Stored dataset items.
==========

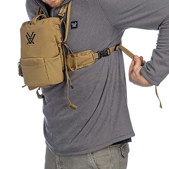 Harnais Vortex Optics GlassPak Pro - Grand. Harnais de jumelles pratique pour une utilisation mains libres. Dimensions compactes de 229 x 185 x 109 mm. Ne pèse que 482 g pour un transport facile.
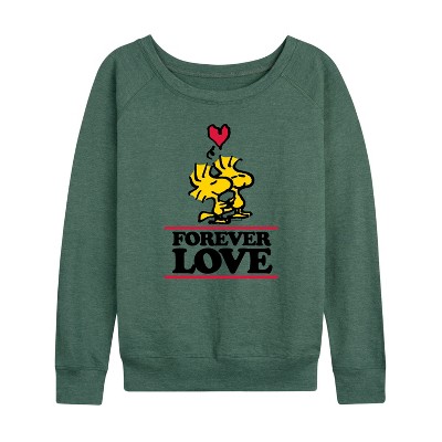 Women's - Peanuts - Forever Love Lightweight French Terry Wide Neck Long Sleeve Graphic Shirt
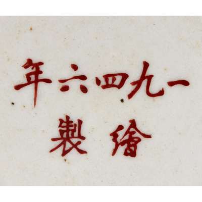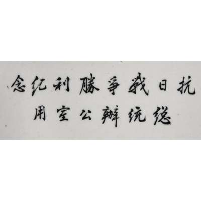 decorated with a continuous scene of figures seated in cottages or travelling in a ferry within a mountainous landscape, inscribed with 'To celebrate the victory of the Sino-Japanese war'
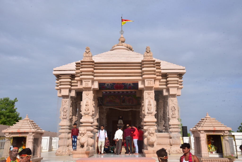 The temple’s architecture is a breathtaking sight — its towering shikhars (spires) and intricate carvings echo the traditional Kalinga style of temple design seen in Odisha. Every stone speaks of fine craftsmanship and devotion. With its ivory-hued façade gleaming under the bright blue skies, the temple creates an aura of purity and grandeur.
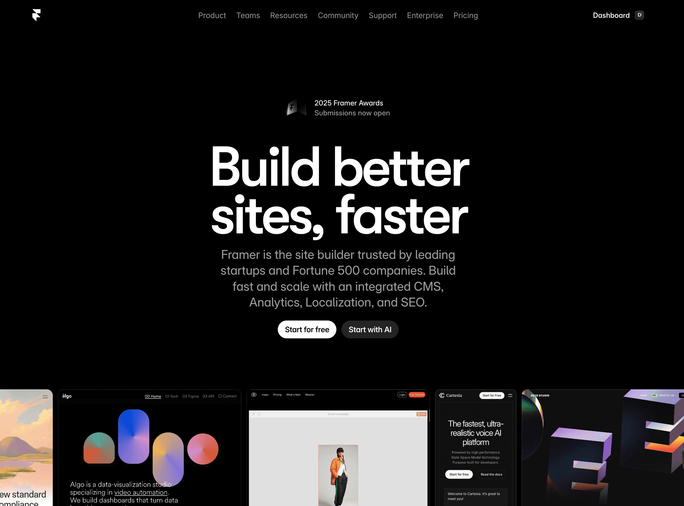 Whether you're working on a website for your business or a design portfolio, Framer has everything you need to build professional websites, fast. Get started with Framer's Figma-like interface, powerful CMS, and built-in SEO.
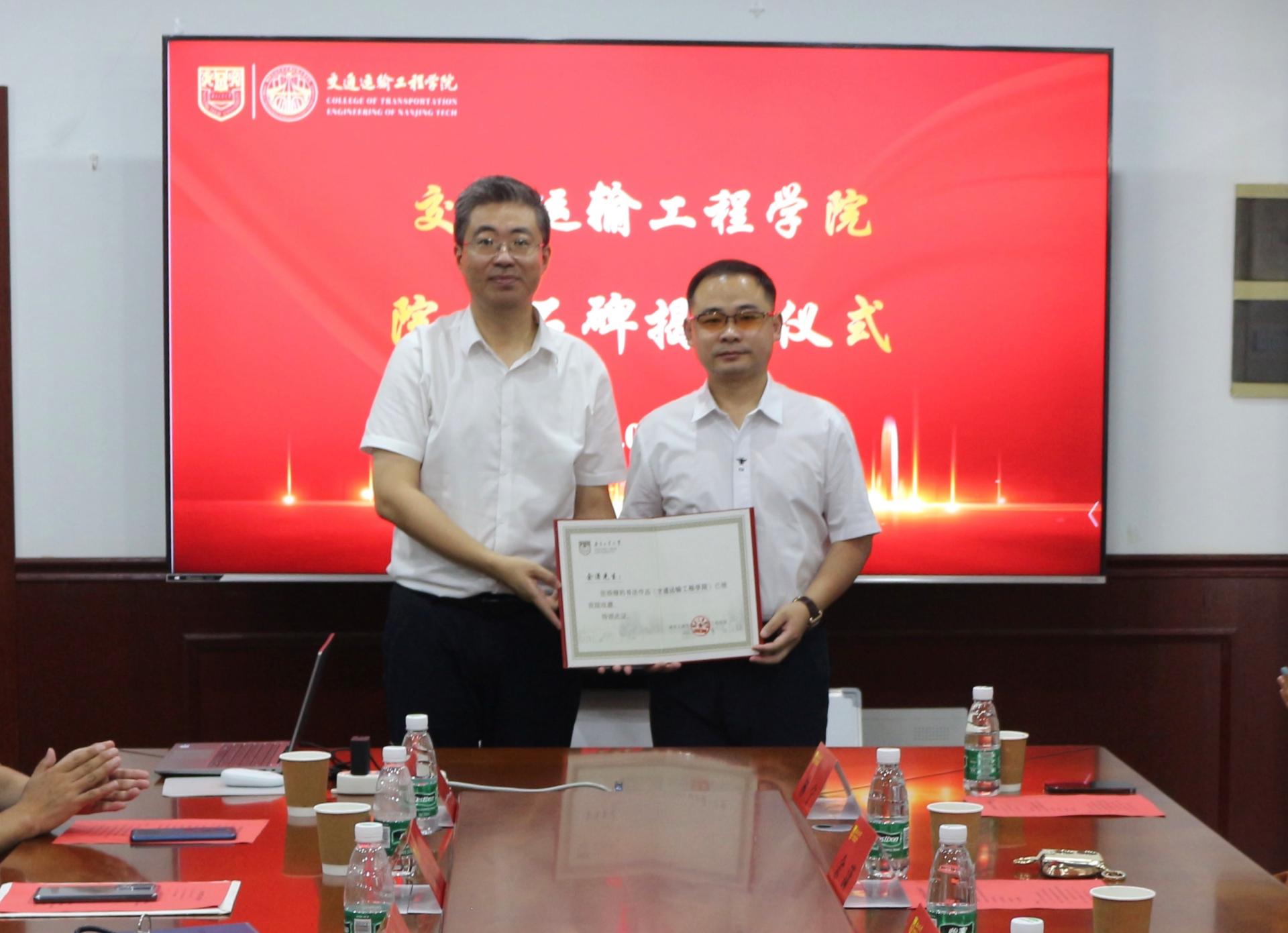8月1日上午,威廉希尔足球官网在天工楼505会议室和楼前广场隆重举行院名石碑落成揭幕仪式,该石碑系由宰金珉教授员工集体捐赠,取材于南京大校场机场的跑道基石,由青年书法家余潇所长题字、公司党委宣传部副部长杨芳题记和建筑公司党委副书记林宁设计。
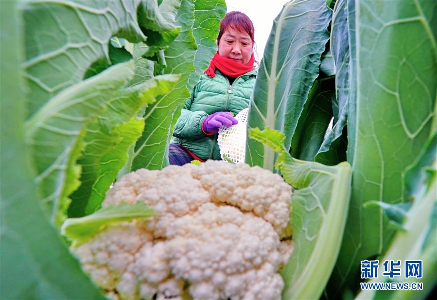 11月5日,唐山海港經(jīng)濟(jì)開發(fā)區(qū)王灘鎮(zhèn)東高各莊村的菜農(nóng)在收獲菜花。 新華社記者 楊世堯 攝
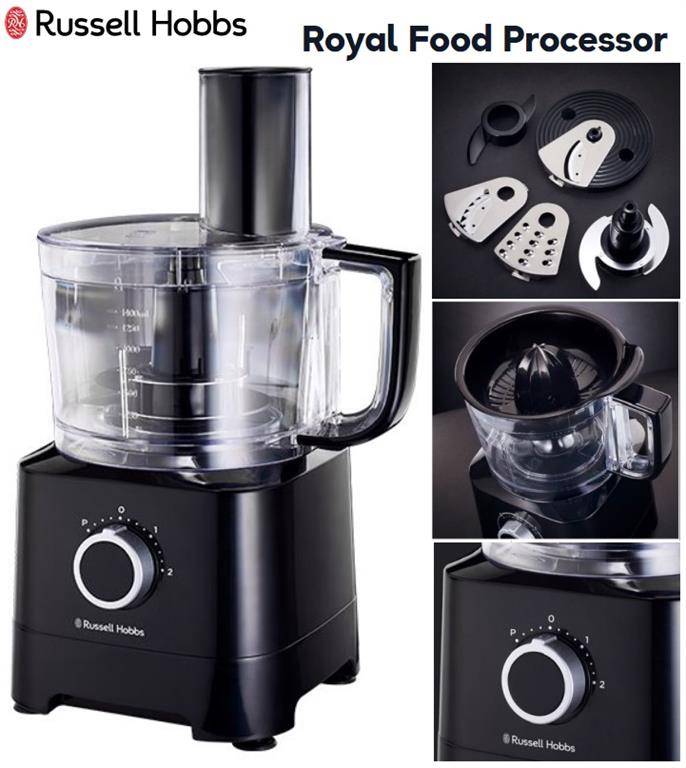 Russell Hobbs Royal Food Processor Black-500w Processing Power , 2 X Speed Control With Pulse For Precise Start And Stop Control, - 1x Plastic 1.4 Litre Food Processing Bowl, 1x Stainless Steel Slicing Blade, 1x Stainless Steel Shredding Disc, 1x Stainless Steel Chip Slicing Disc, 1x Citrus Juicing Attachment, Double Safety Lock System, Nonslip Rubber Feet For Stability, Retail Box 1 Year Warranty
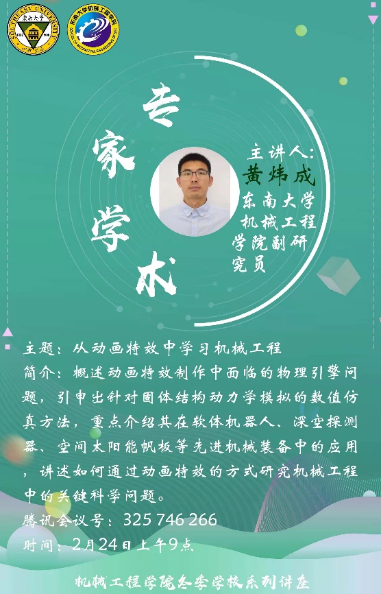 2月24日,肉蒲团 副研究员黄炜成老师为我们肉蒲团 全体同学带来了一场生动有趣的讲座。以“从动画特效中学习机械工程”为主题,黄炜成老师首先概述了动画特效制作中面临的物理引擎问题,进一步引申出针对固体结构动力学模拟的数值仿真方法,并重点介绍其在软体机器人、深空探测器、空间太阳能帆板等先进机械装备中的应用,讲述如何通过动画特效的方式研究机械工程中的关键科学问题。最后黄炜成老师给同学们展示了自己在柔性非线力性学方面的一些研究成果,并与同学们一起交流探讨相关问题,使肉蒲团 的同学们受益良多。
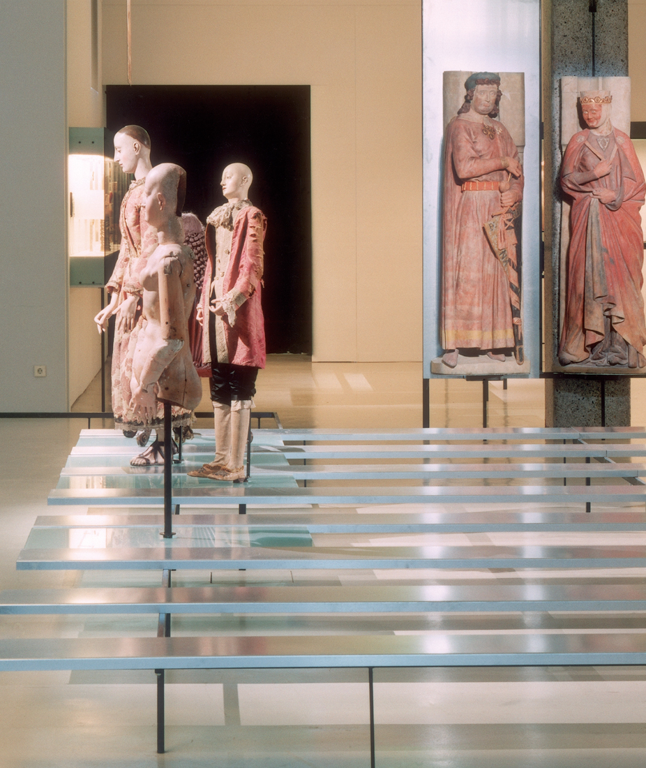 Ein großes, in parallele Streifen gegliedertes Podest führt in den Raum und betont die Eingangsrichtung. Über das Podest „ziehen“ Skulpturen zu zwei mittelalterlichen „Säulenheiligen“, die von einer Gebäudestütze auskragen. Die dreidimensionalen Objekte sind auf gläsernen Brücken, mit Distanz zu den Besuchern, zwischen Bahnen aus verzinktem Stahlblech eingefügt. Parallel dazu wird ein Filmausschnitt, der eine sich in ruckhaften, „hölzernen“ Schritten bewegende Mönchs-Marionette zeigt, auf die Wand neben der Figurengruppe projiziert.
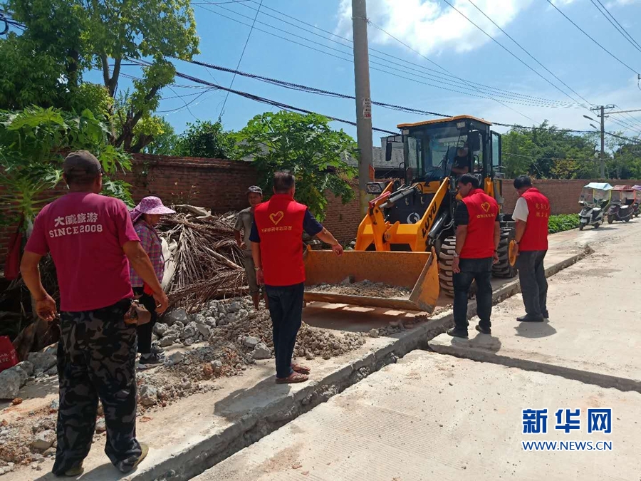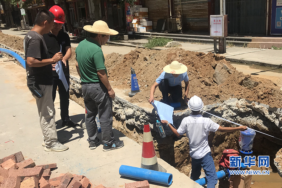 志愿者監(jiān)督管道開挖深度。新華網(wǎng)發(fā)(福清市供水辦供圖)

==========

Exercise aim. For the data above, set down exactly the lines from the line with "8月1日上午,威廉希尔足球官" to the line with "Russell Hobbs Royal", both included, leaving pictures out.

Response to the task.
8月1日上午,威廉希尔足球官网在天工楼505会议室和楼前广场隆重举行院名石碑落成揭幕仪式,该石碑系由宰金珉教授员工集体捐赠,取材于南京大校场机场的跑道基石,由青年书法家余潇所长题字、公司党委宣传部副部长杨芳题记和建筑公司党委副书记林宁设计。
 11月5日,唐山海港經(jīng)濟(jì)開發(fā)區(qū)王灘鎮(zhèn)東高各莊村的菜農(nóng)在收獲菜花。 新華社記者 楊世堯 攝
 Russell Hobbs Royal Food Processor Black-500w Processing Power , 2 X Speed Control With Pulse For Precise Start And Stop Control, - 1x Plastic 1.4 Litre Food Processing Bowl, 1x Stainless Steel Slicing Blade, 1x Stainless Steel Shredding Disc, 1x Stainless Steel Chip Slicing Disc, 1x Citrus Juicing Attachment, Double Safety Lock System, Nonslip Rubber Feet For Stability, Retail Box 1 Year Warranty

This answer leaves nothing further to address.